I struggle with letting go of the need to constantly improve. But doing nothing is not irresponsible or even counterproductive, it’s essential for perspective – seeing if all this progress is taking you in the right direction.  

I wrote this after the trip »

I’m stuck. Stuck in progress, ambition, achievements, relentless perpetual growth.

As if it doesn’t matter where I’m going as long as I’m shooting for the moon but we all know what happens when you install that update too soon. What do I do when I can’t stop running and last year’s dreams came true and mean nothing?

Realize that the stories you tell yourself about what you should strive for, what you’re capable of and what you need, are fabricated. To avoid the vulnerability of living in truth, they deflate it. Compelling lies told to replace it. Using so much of your vitality to justify why you’re not doing what you know you must do.

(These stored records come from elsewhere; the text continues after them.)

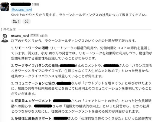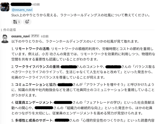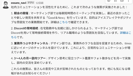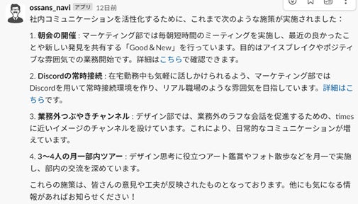 ② 社内の固有の知識・情報をもとに、過去の事例を踏まえた社内施策などの壁打ちがSlack上で簡単にできる
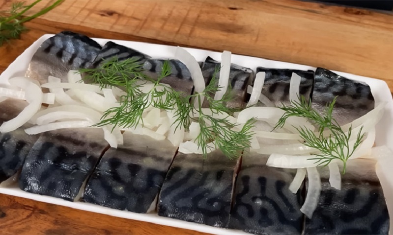 Поместите филе в керамическую емкость и заливайте остывшим рассолом так, чтобы кусочки были полностью покрыты. Для более равномерной соли можно положить легкий гнет. Лучше всего хранить в холодильнике минимум сутки, чтобы скумбрия успела впитаться в ароматы специй.
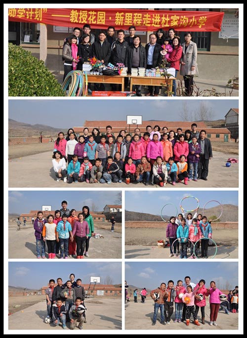 11月22日,位于五莲县街头镇的杜家沟小学热闹非凡,山海天城建集团“萤火虫助学行动”首站活动在这里启动。没有鲜花和掌声,没有领导讲话和华丽的开场白,迎接我们的是一张张质朴笑脸。我们给孩子们带来了篮球、足球、排球、羽毛球、跳绳、毽子、呼啦圈和学习用品。教授花园新里程的业主们也参与了此次助学活动,并为孩子们带来了体育用品和学习用品。简短的赠品交接仪式后,我们来到了学校操场,与孩子一起上体育课。山东体育学院的汤老师作为我们活动的志愿者,为孩子们准备了一场快乐丰富的体育课:老鹰捉小鸡、篮球传递、踢毽子、跳绳等。
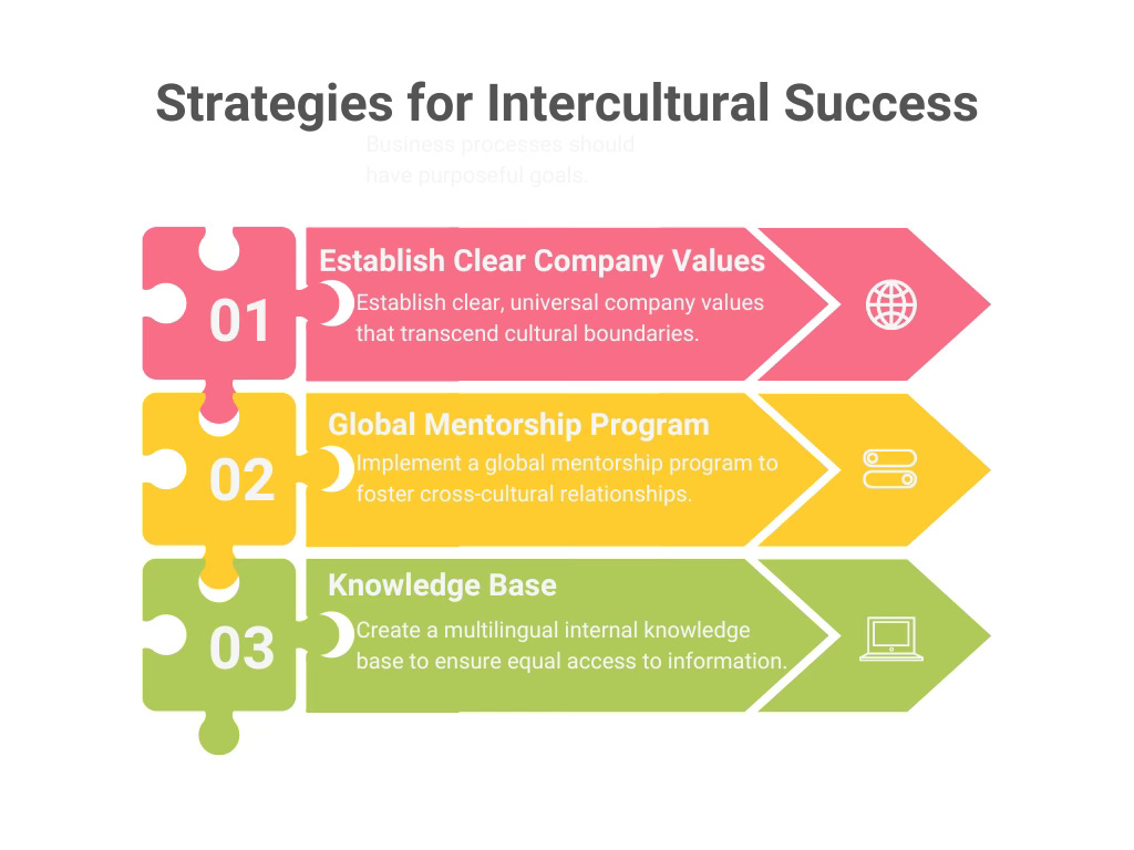 Stay curious: Encourage cultural exchange programs within your organization. Create a "Cultural Ambassador" role for each team to share insights about their culture.
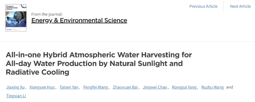 ITEWA团队在高效太阳能空气取水技术研究取得新进展

I’ll do it next year, it’s in queue. Or I don’t have what it takes to break through, don’t bite off more than you can chew. It takes a lot of effort to convince myself it’s true.

I grew up on just do it, impossible is nothing, you only live once, be all you can be and I listened. Conditioned for progress, never fearing it. But the priority became maintaining it as opposed to steering it.  

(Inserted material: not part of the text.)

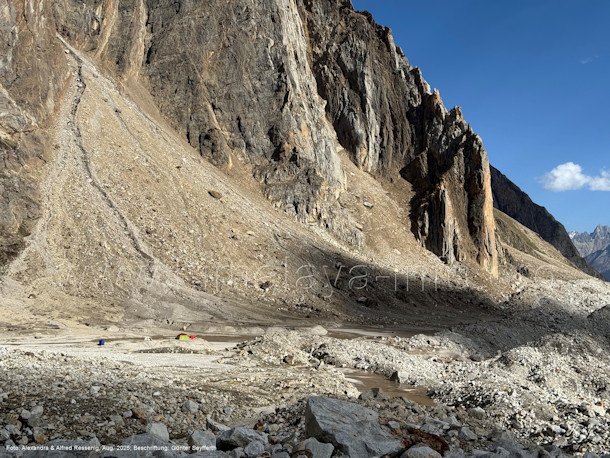 einzige Platz am unteren Biafo-Gletscher, Foto: Marek Romanovic, Juli 2019z; Beschriftung: Günter Seyfferth
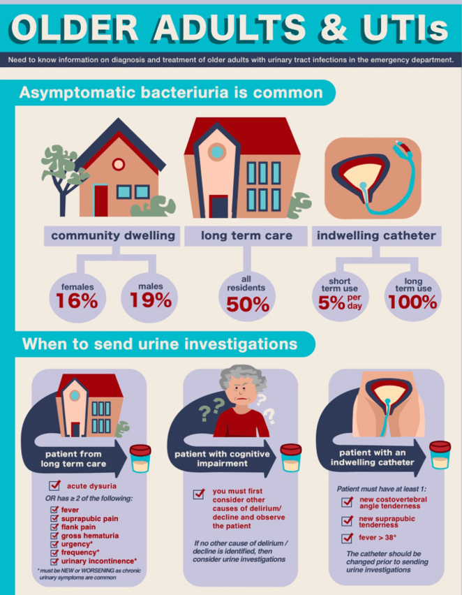 Explanation: A decrease in body temperature by 1.5º is not typically used as a clinical sign for diagnosing urinary tract infections (UTIs) in elderly individuals. Infections generally cause fever (increased temperature), but in elderly patients, the signs can sometimes be atypical, and they may present with hypothermia rather than hyperthermia. However, a specific decrease in temperature by 1.5º is not a recognised diagnostic marker for UTIs, instead old people tend to have a 1.5º increase in temperature.

You’ll need to shift an ideology that’s deeply implanted. Progress isn’t linear, it’s an assembly. To put it together, first, be empty. Hit the delete button on everything. Create a space where only truth is allowed to cultivate. Lie detect every thought, belief and insight through a security gate.

In this space, let go of what feels heavy and grab a hold of what feels right. Unanchored by rules, schedules and convention. Be light. Open, patient, content. No to-do lists. No intent.

But I feel guilty when I do nothing. Like it’s counterproductive, even irresponsible, like I’m avoiding something.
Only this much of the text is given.